My Greek Father-In-Law Made Spanakopita Without Warning, Then Got Furious When I Couldn’t Eat It
Most people understand that being a guest in someone’s home means graciously accepting what’s offered. It’s a basic expression of appreciation and respect for your host’s hospitality. Yet, one young woman recently turned to the internet to recount an experience that shows this long-standing social norm isn’t always black and white, particularly when a host won’t accept a polite decline.
Her account serves as a powerful reminder that sometimes, beneath a seemingly simple “no thank you,” lies a deeply personal and complex struggle that calls for empathy rather than anger.
The Incident
A 26-year-old woman, married just over a year, described an intensely awkward situation involving her estranged father-in-law. Her husband, Nikolas, has a difficult relationship with his Greek father, who had traveled from overseas to visit. The couple had been invited over for “a few drinks and a chat,” with absolutely no indication that food would be involved.
Upon arriving, though, they discovered that the father-in-law had made a homemade spanakopita — a classic Greek pie filled with spinach and feta. For this young woman, the surprise was a source of instant dread. As she put it, “I have a history of anorexia, and eating in front of people that I don’t really know is still an issue for me, and anything with pastry is something that I tend to avoid even now.”
She graciously turned down the dish. Her husband, picking up on her unease, jumped in right away and explained to his father that they had already eaten. But that’s the moment a casual visit spiraled into an argument. The father-in-law didn’t merely show disappointment — he became visibly furious.

He “got very up in arms about how he’d gone to the effort of making the food,” declaring it “shouldn’t be such an issue” for them to simply have a bite. The young woman was mortified as he charged them with being disrespectful. The night concluded with the couple offering apologies and heading out while the father stewed in anger, transforming what should have been a hospitable gesture into a moment of conflict and humiliation.
The Internet Reacts
The online world lit up with takes almost immediately, and commenters rapidly divided into distinct factions over who bore the real responsibility.
The “Absolutely Not” Crowd was outraged on the woman’s behalf. Their view was clear: a host’s foremost duty is to ensure guests feel at ease, not to coerce them into eating. Numerous people highlighted the staggering lack of sensitivity in the father-in-law’s reaction. One perceptive commenter drew attention to how people respond differently depending on the reason someone refuses food: “While most people will be generally understanding about ‘I can’t eat shrimp, I’ll die’, they usually take badly to ‘I have an eating disorder’. Especially with anorexia, people tend to be extra pushy because ‘you need to eat’.”
Someone else proposed a thoughtful phrase for navigating similar situations down the road: “I wish I could eat the food, but I have a medical issue that doesn’t allow me to. It’s something I don’t care to discuss.” In their eyes, this offered a respectful way to establish a boundary without revealing more than necessary.
Next came the “Devil’s Advocate” camp, which attempted to see things from the father-in-law’s point of view, even while not excusing his explosive reaction. These commenters zeroed in on the cultural dimension of the encounter.
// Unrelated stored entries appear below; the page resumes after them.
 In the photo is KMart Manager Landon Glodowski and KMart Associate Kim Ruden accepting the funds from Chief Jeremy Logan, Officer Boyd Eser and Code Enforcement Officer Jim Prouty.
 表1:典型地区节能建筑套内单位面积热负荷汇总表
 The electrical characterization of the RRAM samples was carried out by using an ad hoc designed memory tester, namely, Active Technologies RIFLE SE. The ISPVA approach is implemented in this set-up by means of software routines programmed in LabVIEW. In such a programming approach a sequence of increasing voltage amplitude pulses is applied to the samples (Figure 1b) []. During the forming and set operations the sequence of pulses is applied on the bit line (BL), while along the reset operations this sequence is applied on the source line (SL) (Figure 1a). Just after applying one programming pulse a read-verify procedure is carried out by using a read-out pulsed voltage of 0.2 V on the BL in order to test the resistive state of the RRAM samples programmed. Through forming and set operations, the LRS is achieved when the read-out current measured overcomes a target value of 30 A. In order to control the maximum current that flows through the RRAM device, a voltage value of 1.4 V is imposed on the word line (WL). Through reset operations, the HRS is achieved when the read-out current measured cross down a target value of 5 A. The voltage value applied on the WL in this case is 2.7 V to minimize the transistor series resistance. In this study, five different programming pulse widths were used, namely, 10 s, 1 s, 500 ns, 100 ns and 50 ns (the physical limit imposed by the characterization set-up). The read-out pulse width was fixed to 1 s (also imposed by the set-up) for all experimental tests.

One person elaborated, “This is a cultural thing with Greeks, food is how we show our love, so this would be considered very rude, especially without a reason.”
Someone else reinforced this sentiment, writing, “In Mediterranean culture, Food is a love language and you showed your FIL disrespect by refusing the food.” From their perspective, the father-in-law wasn’t simply upset over uneaten pastry — he felt as though his affection had been thrown back in his face.
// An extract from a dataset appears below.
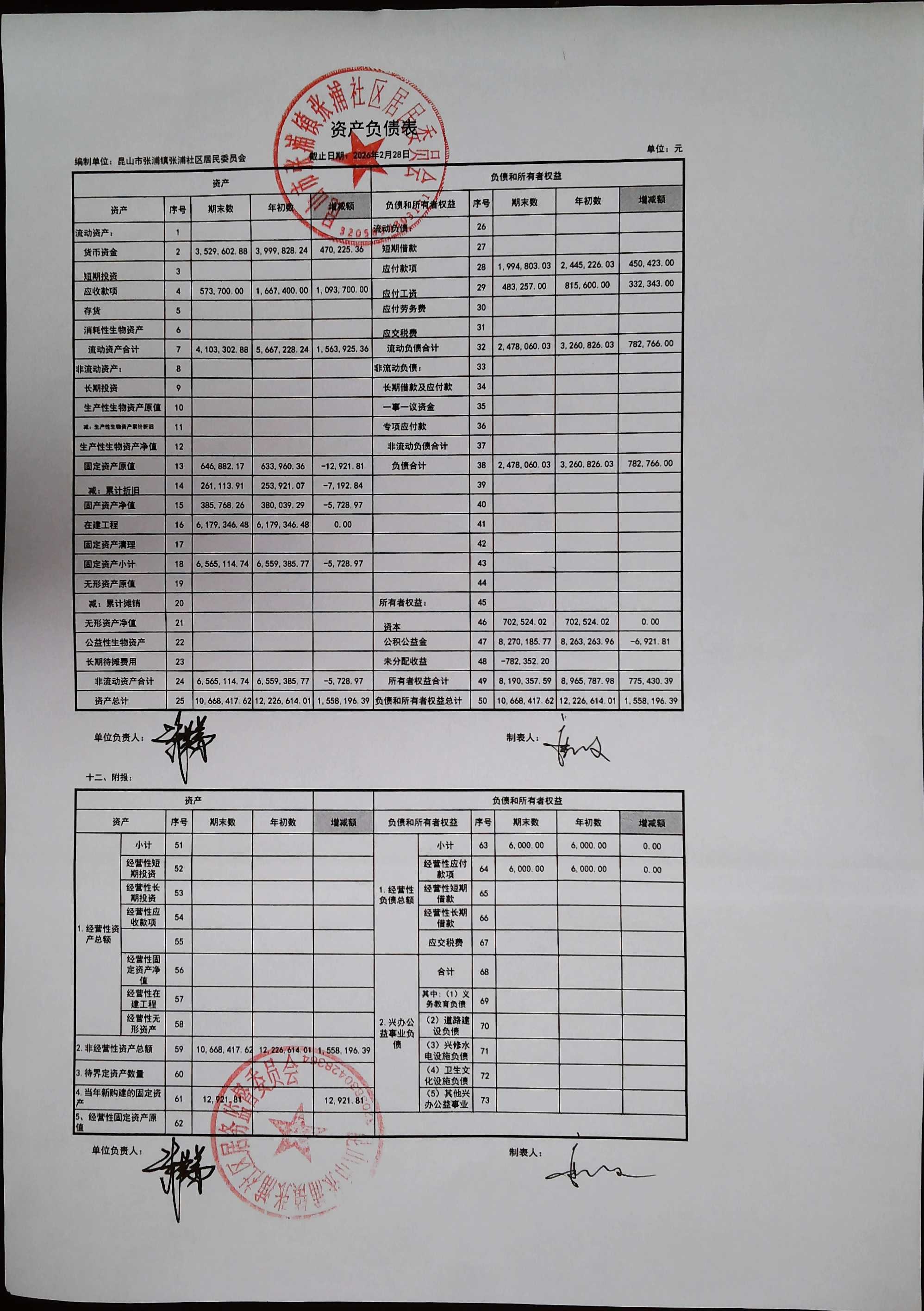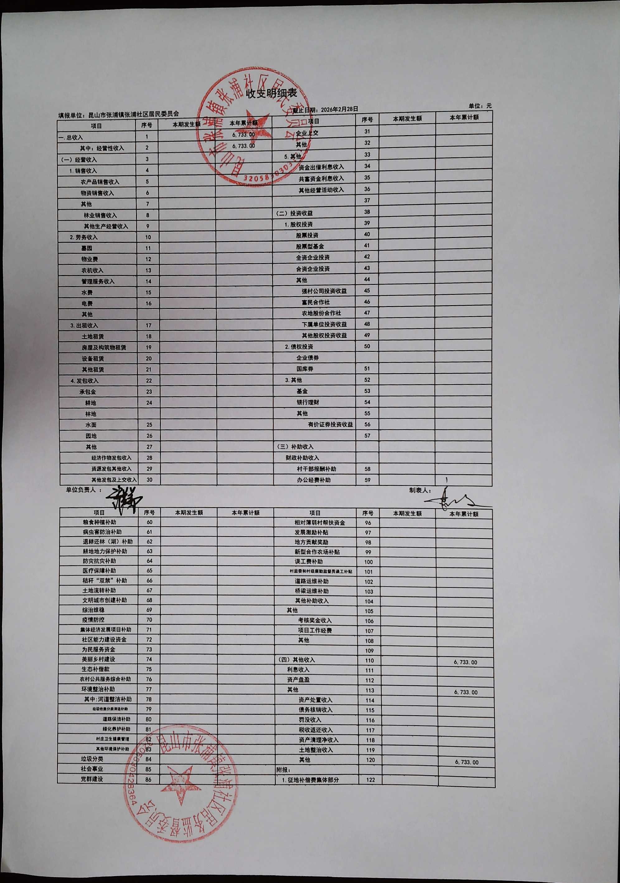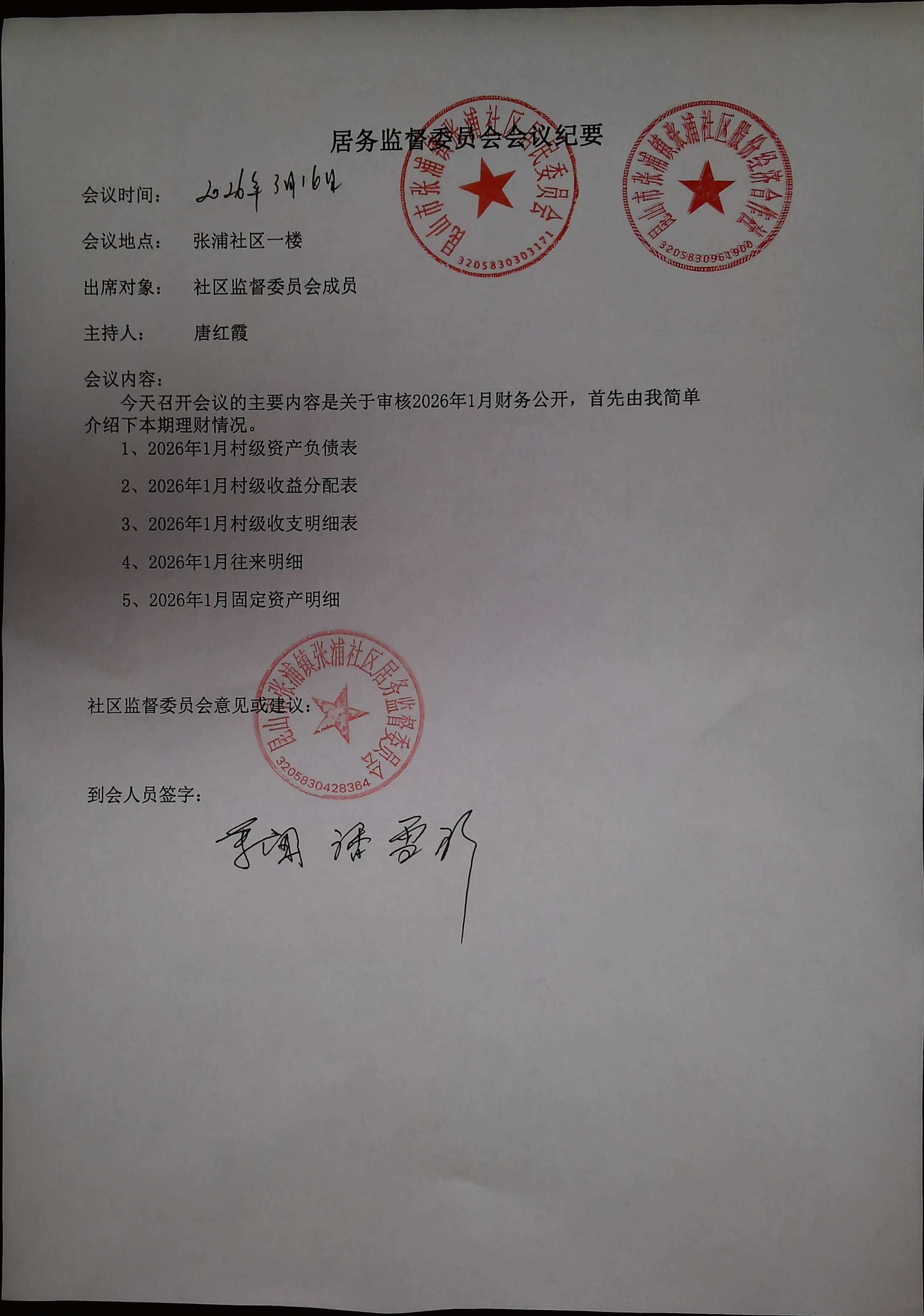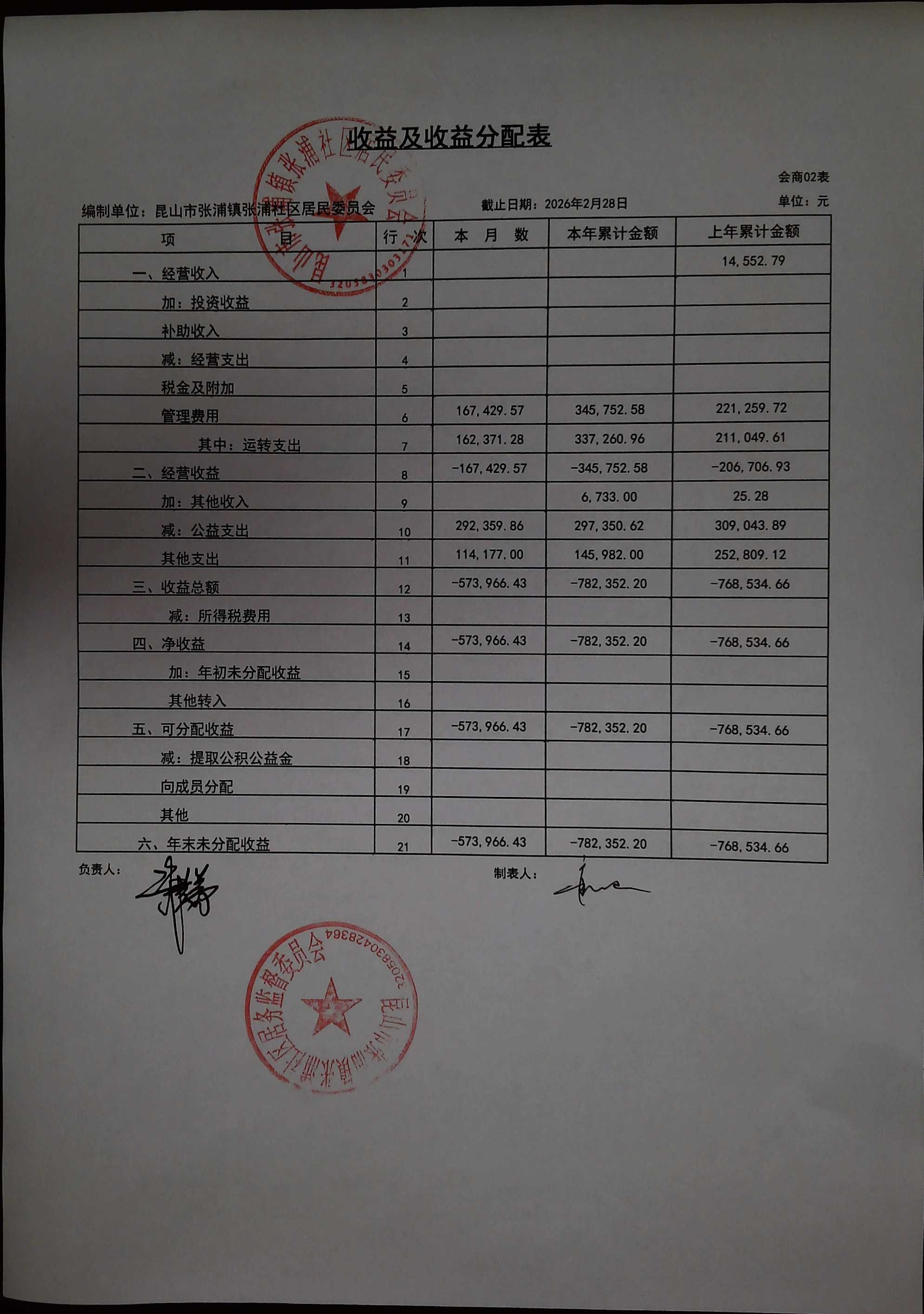 2026年2月居委会财务公开

Lastly, the “Alternative Solutions” crowd weighed in with strategies they would have employed. These practically minded commenters believed the whole ordeal was avoidable with a harmless fib or a different approach. “You could have said you had a stomach bug, or that you’re on a restricted diet for medical reasons,” one reader proposed.
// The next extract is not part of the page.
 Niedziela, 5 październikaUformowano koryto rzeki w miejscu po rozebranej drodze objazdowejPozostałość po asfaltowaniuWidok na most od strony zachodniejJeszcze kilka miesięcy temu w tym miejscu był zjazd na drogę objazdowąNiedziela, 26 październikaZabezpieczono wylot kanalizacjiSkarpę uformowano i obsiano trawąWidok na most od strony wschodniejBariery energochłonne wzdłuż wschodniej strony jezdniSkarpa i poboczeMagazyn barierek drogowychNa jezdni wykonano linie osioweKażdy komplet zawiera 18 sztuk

Yet another offered a creative workaround: “I’m really full but I would love to try it! Could I take some home for later?” A number of people also noted that the husband could have defused the tension by simply eating a piece himself as a gesture of respect toward his father’s efforts — a point that’s difficult to dispute.
The Etiquette Verdict
Let’s make one thing absolutely clear: although cultural food traditions are meaningful and worthy of respect, they never justify pressuring a guest. A host’s love and labor aren’t gauged by how much a visitor eats, but by the sense of warmth and safety they create.
The instant a guest politely declines, that should be the end of it. To push, shame, or label them as disrespectful is a serious breach of etiquette. The fundamental principle of hosting is making your guests feel welcomed and comfortable. This father-in-law, unfortunately, did precisely the opposite — putting his own wounded feelings above his daughter-in-law’s well-being.

What Do You Think?
This scenario undeniably sits at the intersection of cultural expectations, family tension, and personal battles. But from a purely etiquette standpoint, where do you fall?
Was the father-in-law’s outburst a forgivable cultural misunderstanding, or did his behavior cross a clear line?